Foi um dia inteiro a trabalhar que nem um cão. Muitos injectáveis, supositórios e tudo o que um gajo pudesse lembrar-se para parar os vómitos da malta e só então conseguir parar-lhes a diarreia com comprimidos. Um surto do que chamam "Noro virus", o principal responsável por gastro-enterites virais. Num ambiente fechado como é um navio, é gravíssimo. Espalha-se de uma forma assombrosamente rápida e ganha dimensões alarmantes. Felizmente a bordo dum navio o vírus não se espalha para além do número de tripulantes de passageiros. Se fosse uma epidemia letal, tipo Ebola, morria por aqui. Pelo menos até darem com os corpos quando viessem ver por que ninguém respondia ao rádio!
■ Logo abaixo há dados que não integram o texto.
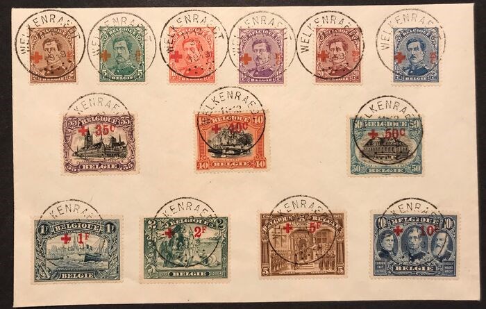België 1918 - Uitgifte Albert I en uitzichten - Rode Kruis - Volledige reeks op Document - Gestempeld WELKENRAEDT - OBP 150/163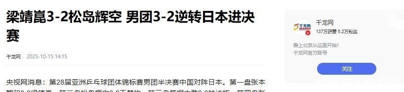 【免责声明】 文章描述过程、图片都来源于网络,此文章旨在倡导社会正能量,无低俗等不良引导。如涉及版权或者人物侵权问题,请及时联系我们,我们将第一时间删除内容!如有事件存疑部分,联系后即刻删除或作出更改。 信息来源 梁靖崑3-2松岛辉空 男团3-2逆转日本进决赛.千龙网.2025-10-15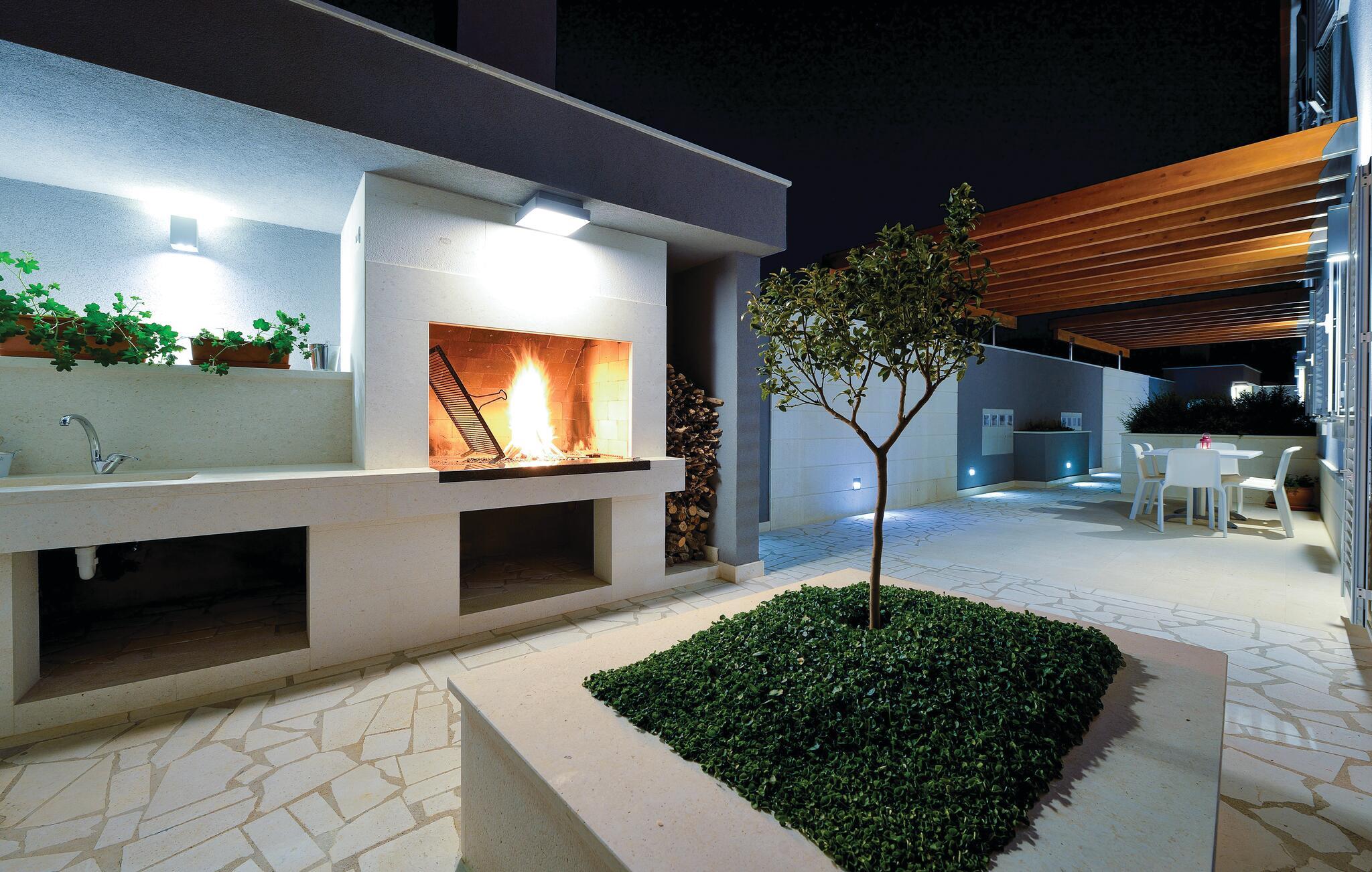 Den nærliggende strand er ideel til badning, solbadning eller blot at nyde det krystalklare vand. Oplev skønheden i kystlandskabet med en spadseretur langs de naturskønne vandrestier, der byder på skjulte bugter og en imponerende udsigt. For aktive feriegæster er der talrige vandre- og cykelstier, der fører til uforglemmelige udsigtspunkter. Fordyb jer i atmosfæren i den gamle bydel i Rogoznica, gå gennem de snoede gader og se den charmerende arkitektur, der former stedets karakter.

A situação foi grave. Mas conseguimos manter tudo mais ou menos controlado. Para a equipa médica que estava a integrar-me aquilo era o caos. Para mim, era apenas mais um normalíssimo dia de trabalho. :) Esta gente certamente nunca viu a urgência do HFF!
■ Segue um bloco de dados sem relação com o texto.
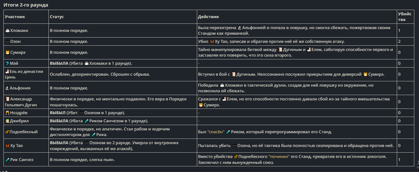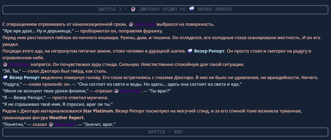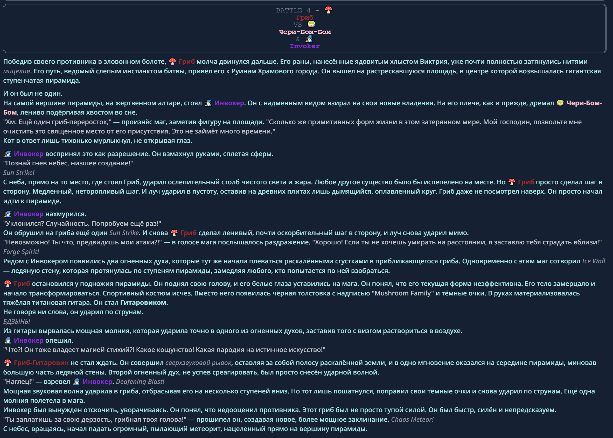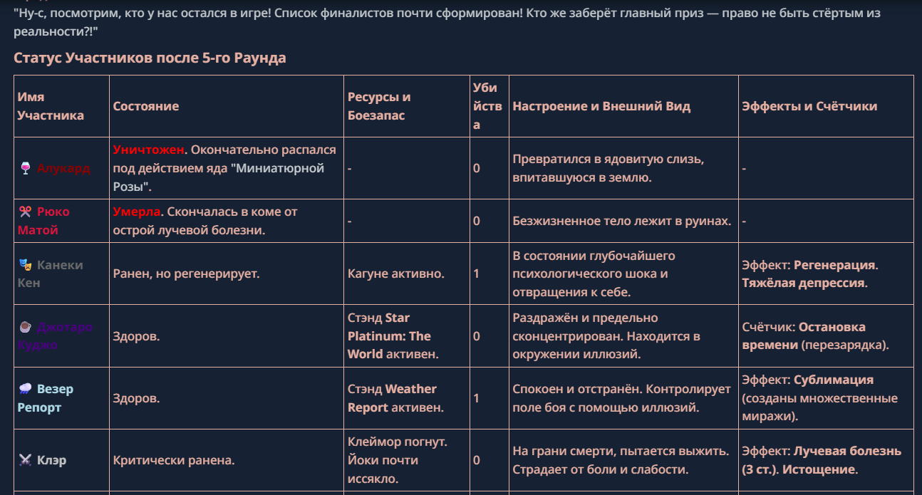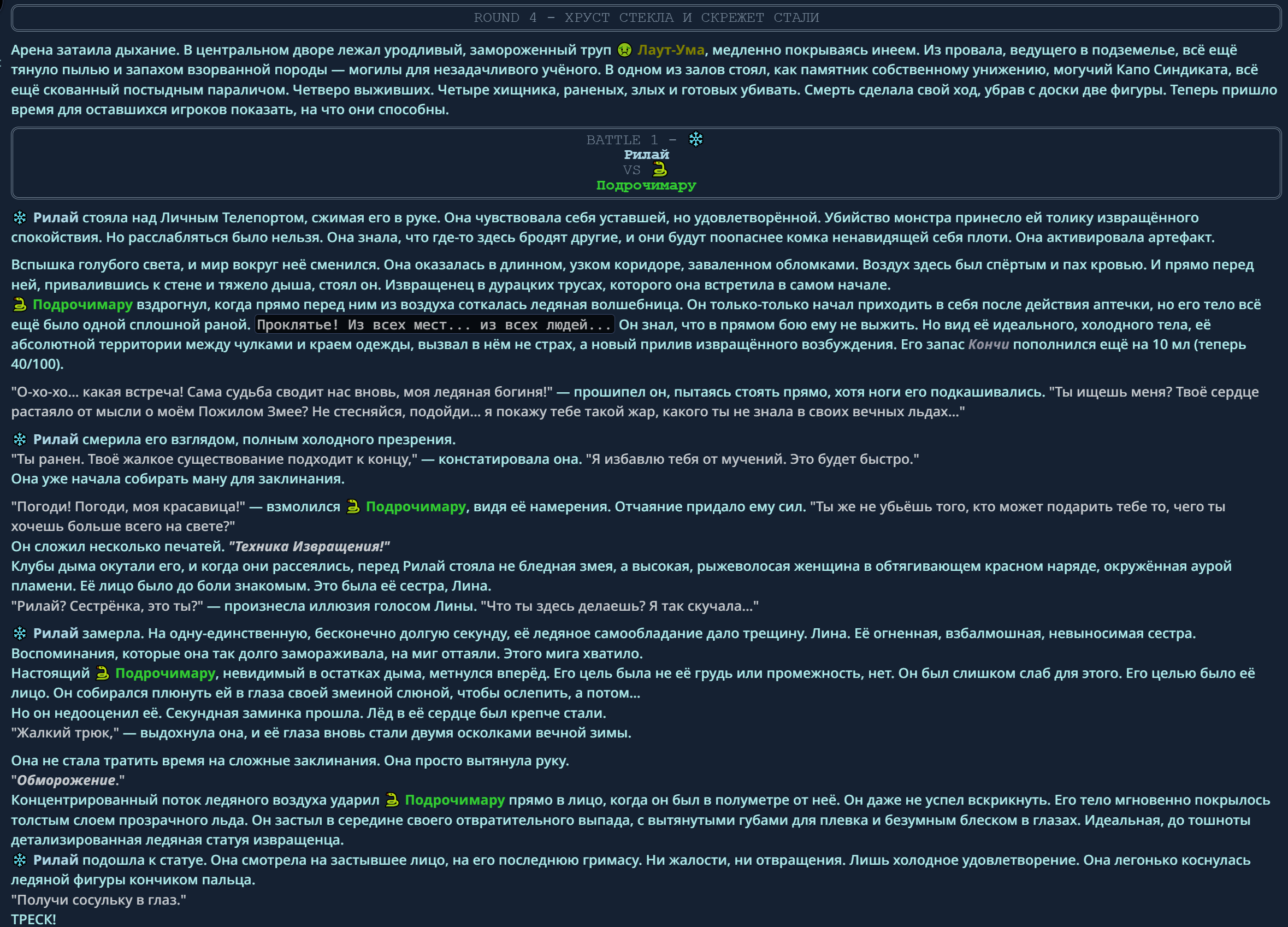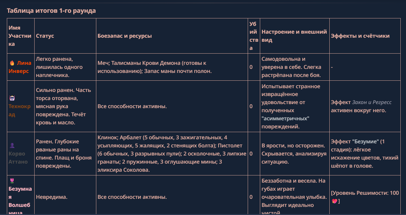 >>841547 Я просто перед каждым раундом вот это пишу нейронке и она логически сама выбирает кто с кем должен пиздиться.

No dia seguinte ao almoço, sentados à mesa, enquanto a Rika me fazia perguntas para ver se tava preparado para o teste de procedimentos de segurança e emergência a bordo (um teste que todo e qualquer tripulante tem de fazer) surgiu a questão "quem pode dar a ordem de evacuação do navio". Eu respondi que era o "master" e que por acaso no dia antes, meio desorientado, ele me tinha convidado a sentar e tomar o pequeno almoço em amena cavaqueira. Ela ficou admirada... é que esse senhor italiano simpático com muitos risquinhos nos ombros é o COMANDANTE do navio! Eu, um gajo que cresceu a rir-se com as tropelias da tripulação d'O Barco do Amor na televisão, conhecedor de toda a mística em redor da honra de ser convidado para a mesa do Comandante, tinha tomado o pequeno almoço com ele, falei de onde vinha, perguntei-lhe de onde era ele e tal, como quem fala da meteorologia e sem puto de idéia que era o senhor que manda em tudo aqui dentro! :)

Depois de um dia a viajar e 48 horas de isolamento passei dois dias inteiros a trabalhar que nem um cão. Ninguém parou nesta enfermaria e a Anna e o médico, o Sachi (um indiano especialista em emergência), fizeram directa e trabalharam também a noite toda, enquanto a Rika e eu fomos dormir.

Nestes dois dias passaram pela enfermaria mais de cem passageiros e tripulantes, e uns 90% foram só no primeiro dia. Isto de um total de 1548 passageiros e 686 tripulantes. Ainda bem que este navio é dos mais pequenos da frota!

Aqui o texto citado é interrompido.